**About this task:**
The answer must consist solely of the lines from the one containing "Mini dress with hawaiian floral pattern" through the last line of the records, set down exactly and without any pictures.

**Source data:**
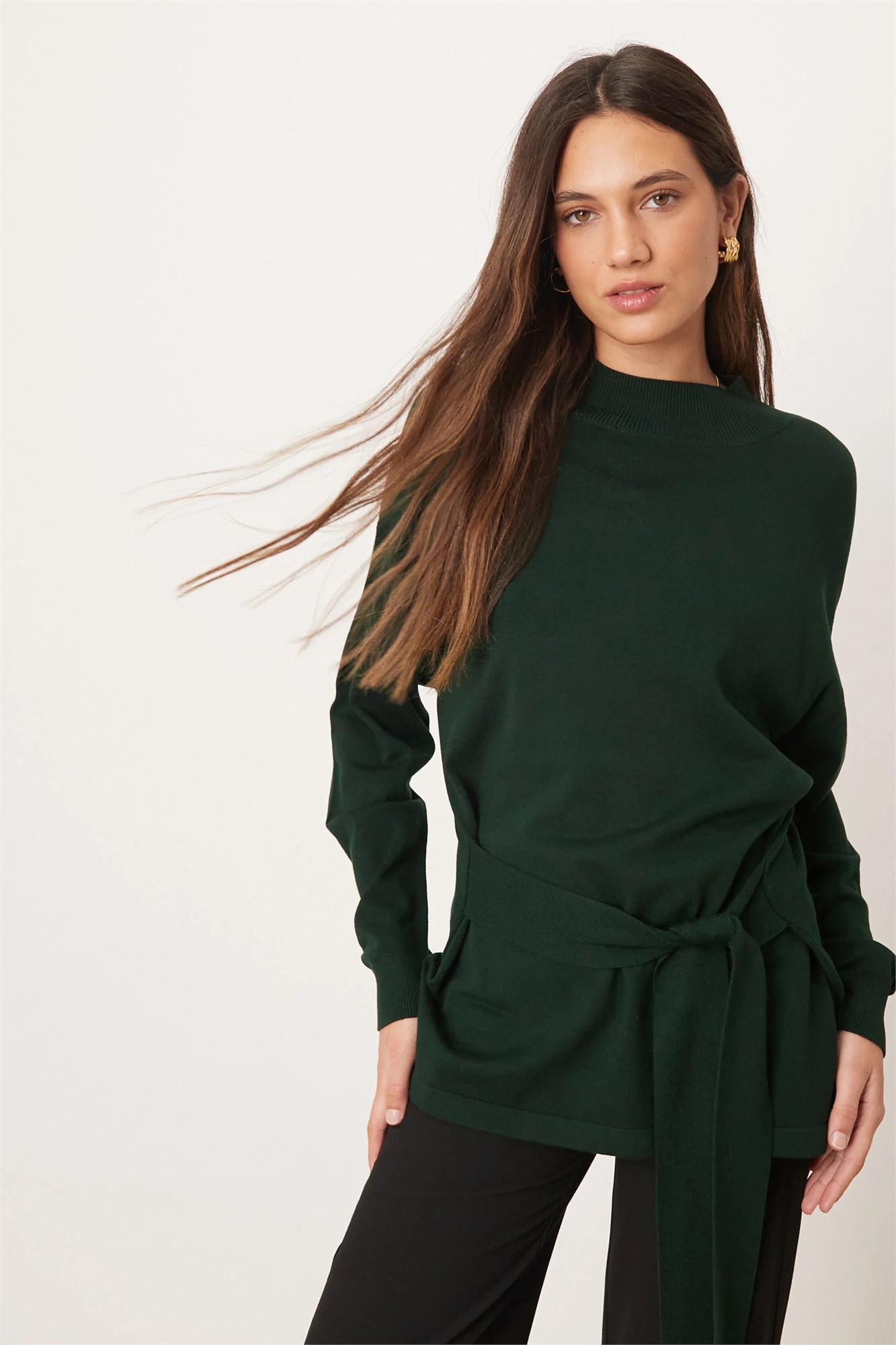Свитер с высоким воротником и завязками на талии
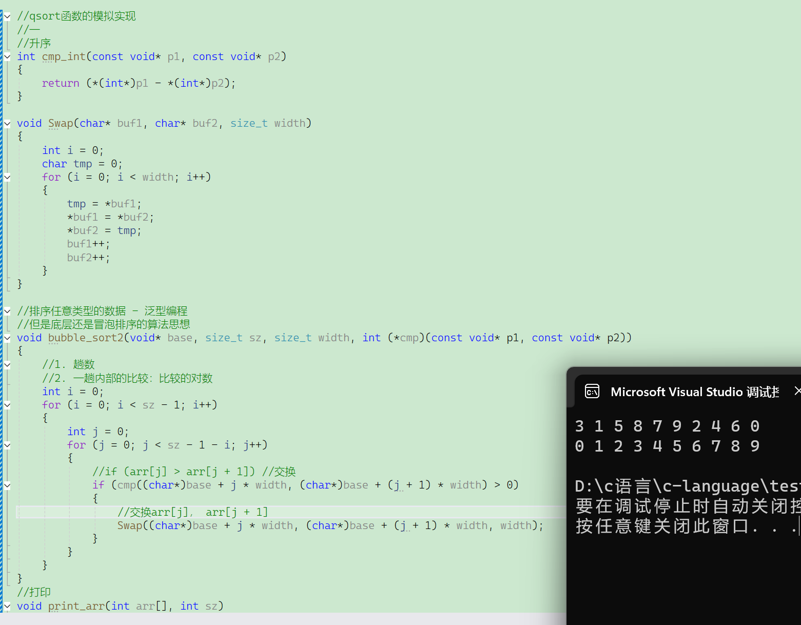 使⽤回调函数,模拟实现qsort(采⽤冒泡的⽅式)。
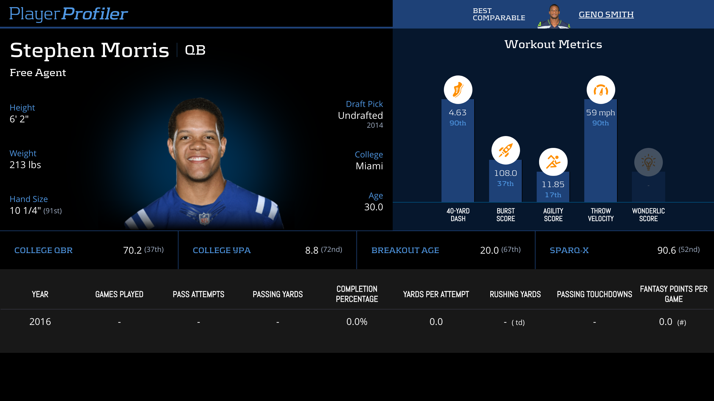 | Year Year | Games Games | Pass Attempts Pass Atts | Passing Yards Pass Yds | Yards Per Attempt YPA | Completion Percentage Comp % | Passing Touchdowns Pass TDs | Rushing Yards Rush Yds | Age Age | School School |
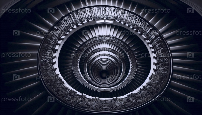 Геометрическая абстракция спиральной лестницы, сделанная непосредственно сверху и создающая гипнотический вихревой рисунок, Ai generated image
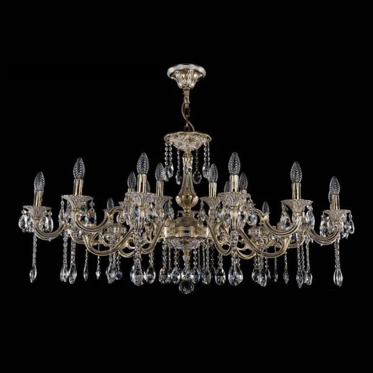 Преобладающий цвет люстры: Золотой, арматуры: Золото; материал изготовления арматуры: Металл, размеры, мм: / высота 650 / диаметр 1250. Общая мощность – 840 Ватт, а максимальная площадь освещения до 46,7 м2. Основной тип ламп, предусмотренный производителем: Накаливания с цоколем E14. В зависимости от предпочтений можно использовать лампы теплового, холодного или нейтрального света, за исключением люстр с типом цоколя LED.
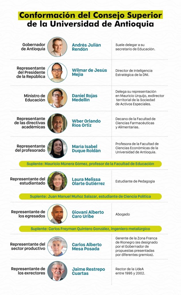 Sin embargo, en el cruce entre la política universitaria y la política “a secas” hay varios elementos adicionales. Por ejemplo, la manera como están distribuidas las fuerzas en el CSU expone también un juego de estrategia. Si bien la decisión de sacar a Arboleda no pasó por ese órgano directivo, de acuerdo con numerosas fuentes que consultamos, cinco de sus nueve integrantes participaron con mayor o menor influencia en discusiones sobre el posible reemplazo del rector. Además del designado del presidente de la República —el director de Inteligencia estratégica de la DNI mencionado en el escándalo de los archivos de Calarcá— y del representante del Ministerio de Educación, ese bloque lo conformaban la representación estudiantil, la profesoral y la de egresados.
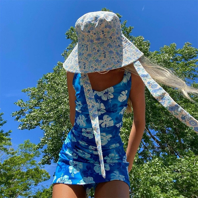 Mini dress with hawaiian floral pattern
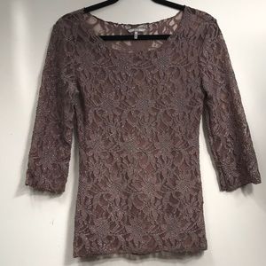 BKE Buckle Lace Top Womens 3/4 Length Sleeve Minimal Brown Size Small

**Your solution:**
 Mini dress with hawaiian floral pattern
 BKE Buckle Lace Top Womens 3/4 Length Sleeve Minimal Brown Size Small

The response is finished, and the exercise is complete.